◆ **Task to complete**: Copy out the entries below exactly as they stand, but only from the line containing "de 3.600 viviendas." through the line containing "Дом-музей Пушкина 6".

____ Records for this task

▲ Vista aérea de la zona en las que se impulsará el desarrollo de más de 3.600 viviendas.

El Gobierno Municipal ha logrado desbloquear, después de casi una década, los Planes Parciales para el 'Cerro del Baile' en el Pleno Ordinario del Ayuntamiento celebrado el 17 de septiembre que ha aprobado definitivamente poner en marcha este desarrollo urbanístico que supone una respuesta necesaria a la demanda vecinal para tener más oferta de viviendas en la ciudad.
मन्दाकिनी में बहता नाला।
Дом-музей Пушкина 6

________
____ Records for this task

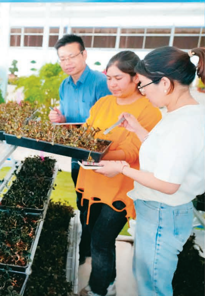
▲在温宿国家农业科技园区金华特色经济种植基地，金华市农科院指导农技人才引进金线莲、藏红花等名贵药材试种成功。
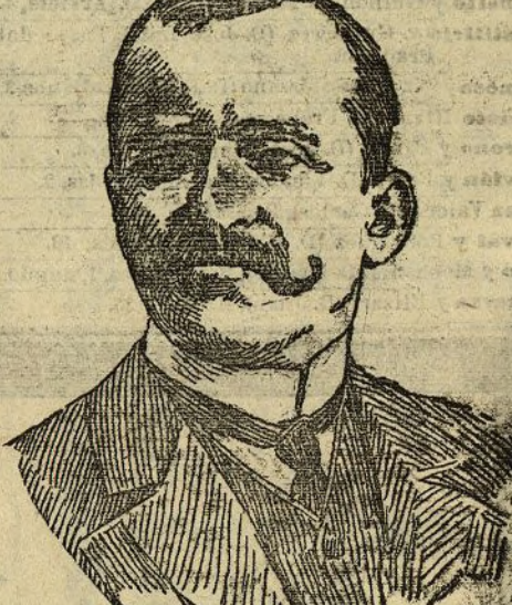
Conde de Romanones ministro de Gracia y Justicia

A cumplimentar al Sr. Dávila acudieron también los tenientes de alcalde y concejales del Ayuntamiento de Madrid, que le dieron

________
____ Records for this task

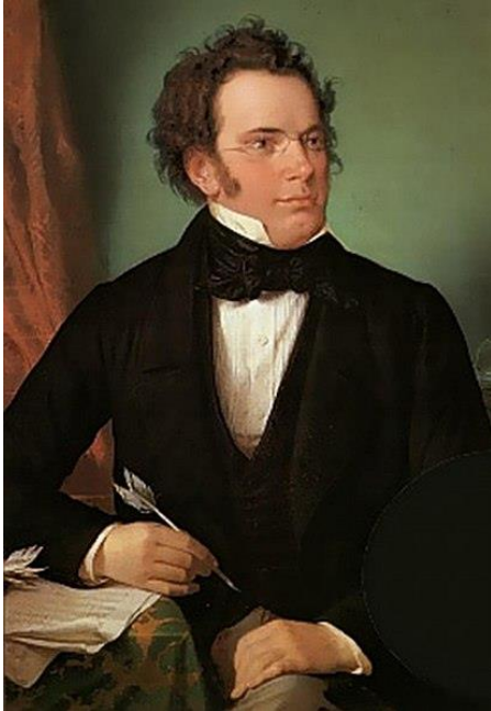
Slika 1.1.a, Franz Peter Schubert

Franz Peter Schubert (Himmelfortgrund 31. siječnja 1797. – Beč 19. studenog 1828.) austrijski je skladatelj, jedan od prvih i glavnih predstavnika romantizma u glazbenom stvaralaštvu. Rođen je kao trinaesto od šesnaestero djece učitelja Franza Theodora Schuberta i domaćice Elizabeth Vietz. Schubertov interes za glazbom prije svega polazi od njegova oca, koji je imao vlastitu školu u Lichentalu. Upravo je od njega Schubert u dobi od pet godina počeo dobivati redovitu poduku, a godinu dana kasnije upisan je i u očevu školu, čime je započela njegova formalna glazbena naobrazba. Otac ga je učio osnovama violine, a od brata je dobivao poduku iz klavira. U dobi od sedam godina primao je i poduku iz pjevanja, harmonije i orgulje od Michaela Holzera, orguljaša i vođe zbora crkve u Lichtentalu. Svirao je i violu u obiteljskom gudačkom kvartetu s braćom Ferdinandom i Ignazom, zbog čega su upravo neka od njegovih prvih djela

________

◆ **Your solution**:
▲ Vista aérea de la zona en las que se impulsará el desarrollo de más de 3.600 viviendas.

El Gobierno Municipal ha logrado desbloquear, después de casi una década, los Planes Parciales para el 'Cerro del Baile' en el Pleno Ordinario del Ayuntamiento celebrado el 17 de septiembre que ha aprobado definitivamente poner en marcha este desarrollo urbanístico que supone una respuesta necesaria a la demanda vecinal para tener más oferta de viviendas en la ciudad.
मन्दाकिनी में बहता नाला।
Дом-музей Пушкина 6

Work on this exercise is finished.